§ REQUIRED WORK: Please transcribe the listing below in full and word for word, without its pictures.

§ RECORDED DATA:

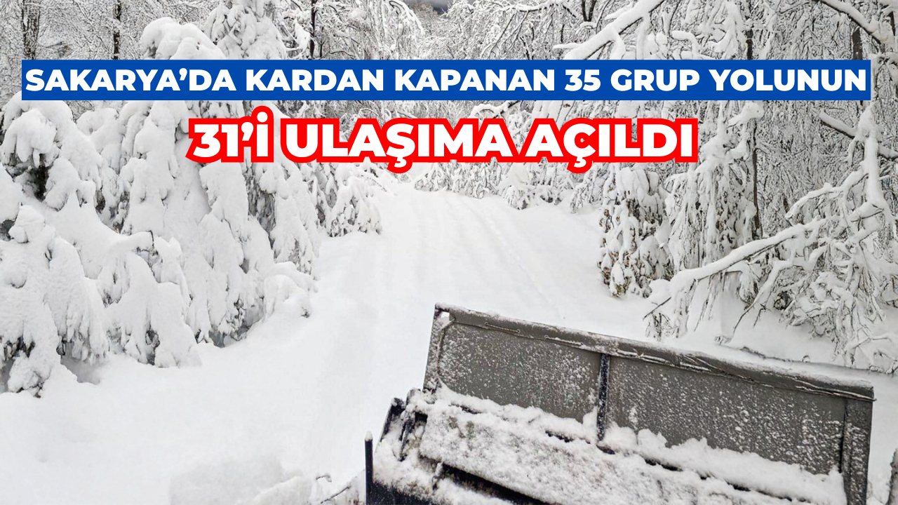 Sakarya’da etkili olan yoğun kar yağışı nedeniyle kapanan 35 grup yolundan 31’i, belediye ekiplerinin çalışmaları sonucu yeniden ulaşıma açıldı. Kapalı kalan 4 grup yolunda çalışmalar sürüyor.
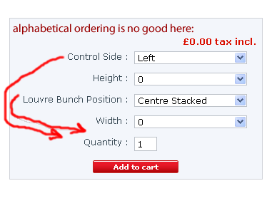 colin.gardom Posted September 29, 2011 Share Posted September 29, 2011 I've looked but cannot find. Advice appreciated. How can I order (re-order) Attribute Groups and Attributes within them. I know placing a 1. 2. 3. etc in front will work (up to 9 at least) but thats messy. See attached file. Also, I have attributes that have no effect on price eg. control side and bunch. Wish I could just add them once, but I have to add them for every combination. I'm guessing I need a scratch build or heavily modified cart here. I don't want a combination page in admin thats three foot long. Cheers. Colin Link to comment Share on other sites More sharing options...
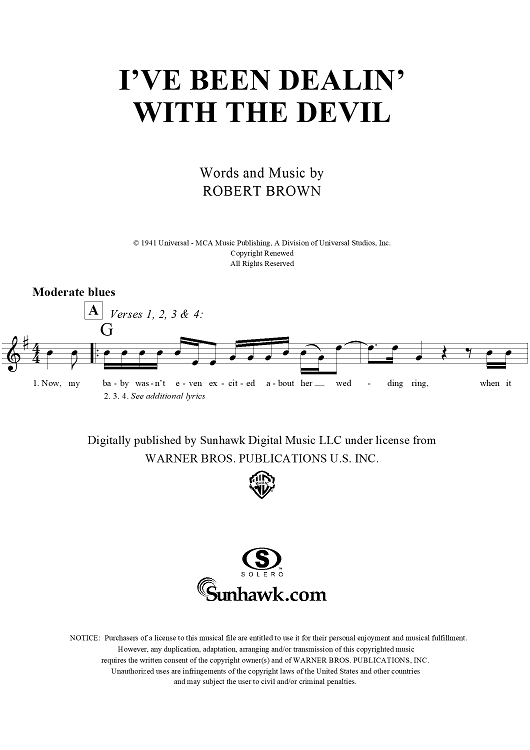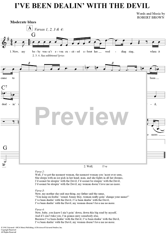 "I've Been Dealin' With the Devil" Sheet Music by Robert Brown
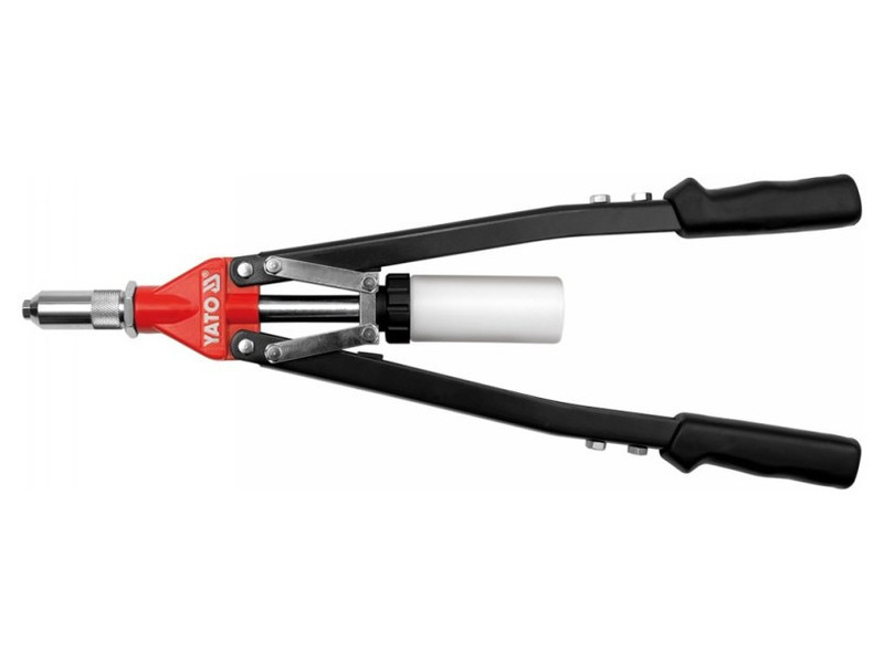 Lever riveter 3.2 -6.4 mm rivet heads: 2.4; 3.2; 4.0; 4.8 mm allow you to achieve permanent connections by locking the embedded rivets into the hole by tightening the riveting tool jaws made of durable CrMo steel aluminum body PVC-coated steel handle number of jaws: 3

§ TASK RESULT:
 Sakarya’da etkili olan yoğun kar yağışı nedeniyle kapanan 35 grup yolundan 31’i, belediye ekiplerinin çalışmaları sonucu yeniden ulaşıma açıldı. Kapalı kalan 4 grup yolunda çalışmalar sürüyor.
 colin.gardom Posted September 29, 2011 Share Posted September 29, 2011 I've looked but cannot find. Advice appreciated. How can I order (re-order) Attribute Groups and Attributes within them. I know placing a 1. 2. 3. etc in front will work (up to 9 at least) but thats messy. See attached file. Also, I have attributes that have no effect on price eg. control side and bunch. Wish I could just add them once, but I have to add them for every combination. I'm guessing I need a scratch build or heavily modified cart here. I don't want a combination page in admin thats three foot long. Cheers. Colin Link to comment Share on other sites More sharing options...
 "I've Been Dealin' With the Devil" Sheet Music by Robert Brown
 Lever riveter 3.2 -6.4 mm rivet heads: 2.4; 3.2; 4.0; 4.8 mm allow you to achieve permanent connections by locking the embedded rivets into the hole by tightening the riveting tool jaws made of durable CrMo steel aluminum body PVC-coated steel handle number of jaws: 3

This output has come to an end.